# [Exercise directions]
Wherever a picture appears in the listing below, leave it out and reproduce the rest exactly.

# [Data provided]
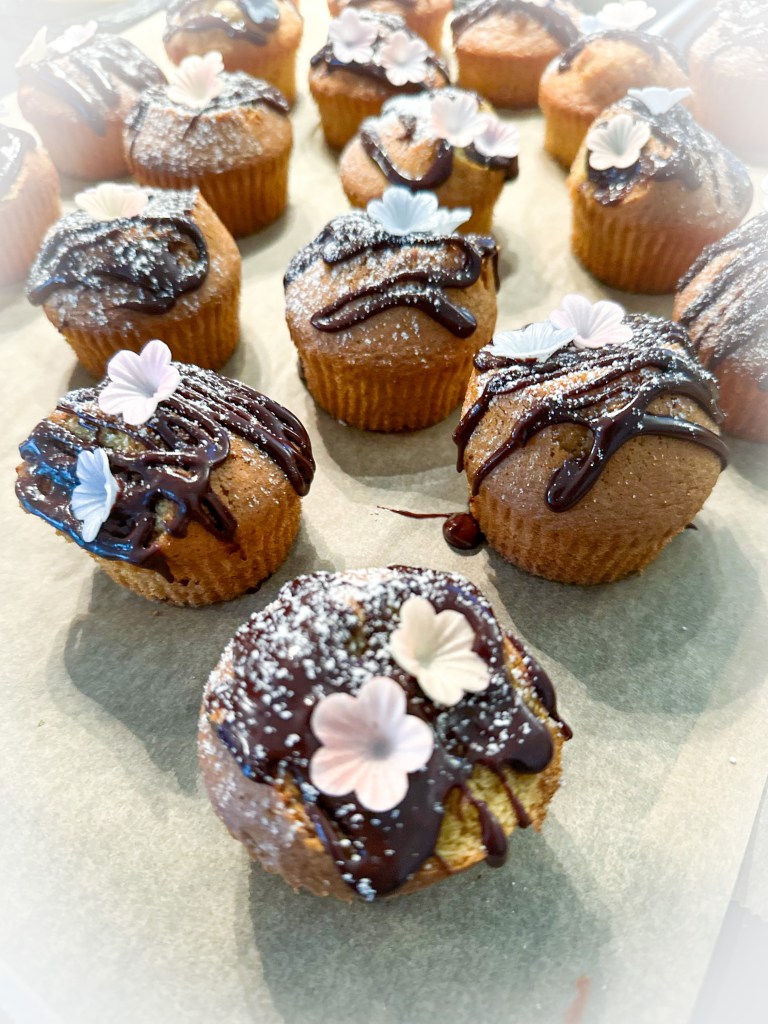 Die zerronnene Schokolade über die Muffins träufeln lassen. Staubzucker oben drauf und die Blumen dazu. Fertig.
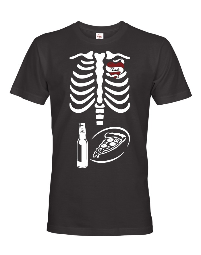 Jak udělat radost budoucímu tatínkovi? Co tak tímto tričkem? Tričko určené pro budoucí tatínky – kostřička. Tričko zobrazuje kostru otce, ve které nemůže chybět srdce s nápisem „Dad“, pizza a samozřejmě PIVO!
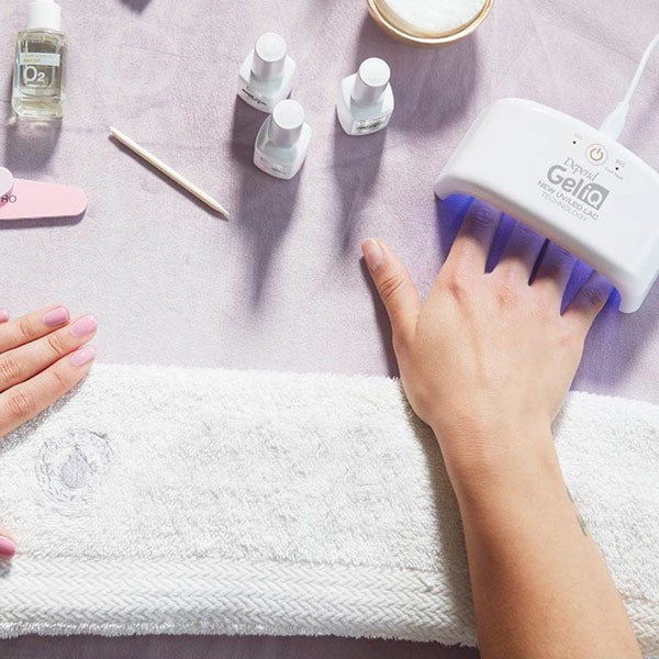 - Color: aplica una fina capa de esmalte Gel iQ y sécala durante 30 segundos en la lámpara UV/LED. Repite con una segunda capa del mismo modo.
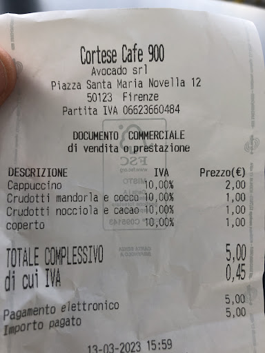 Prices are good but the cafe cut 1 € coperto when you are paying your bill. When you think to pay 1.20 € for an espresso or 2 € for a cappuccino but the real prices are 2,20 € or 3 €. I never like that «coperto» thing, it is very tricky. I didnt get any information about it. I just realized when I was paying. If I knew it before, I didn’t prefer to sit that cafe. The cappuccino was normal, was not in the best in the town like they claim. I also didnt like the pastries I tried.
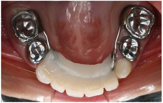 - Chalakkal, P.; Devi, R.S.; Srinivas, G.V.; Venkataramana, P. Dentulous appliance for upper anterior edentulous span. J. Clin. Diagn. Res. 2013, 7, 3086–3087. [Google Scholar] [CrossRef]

# [Answer section]
 Die zerronnene Schokolade über die Muffins träufeln lassen. Staubzucker oben drauf und die Blumen dazu. Fertig.
 Jak udělat radost budoucímu tatínkovi? Co tak tímto tričkem? Tričko určené pro budoucí tatínky – kostřička. Tričko zobrazuje kostru otce, ve které nemůže chybět srdce s nápisem „Dad“, pizza a samozřejmě PIVO!
 - Color: aplica una fina capa de esmalte Gel iQ y sécala durante 30 segundos en la lámpara UV/LED. Repite con una segunda capa del mismo modo.
 Prices are good but the cafe cut 1 € coperto when you are paying your bill. When you think to pay 1.20 € for an espresso or 2 € for a cappuccino but the real prices are 2,20 € or 3 €. I never like that «coperto» thing, it is very tricky. I didnt get any information about it. I just realized when I was paying. If I knew it before, I didn’t prefer to sit that cafe. The cappuccino was normal, was not in the best in the town like they claim. I also didnt like the pastries I tried.
 - Chalakkal, P.; Devi, R.S.; Srinivas, G.V.; Venkataramana, P. Dentulous appliance for upper anterior edentulous span. J. Clin. Diagn. Res. 2013, 7, 3086–3087. [Google Scholar] [CrossRef]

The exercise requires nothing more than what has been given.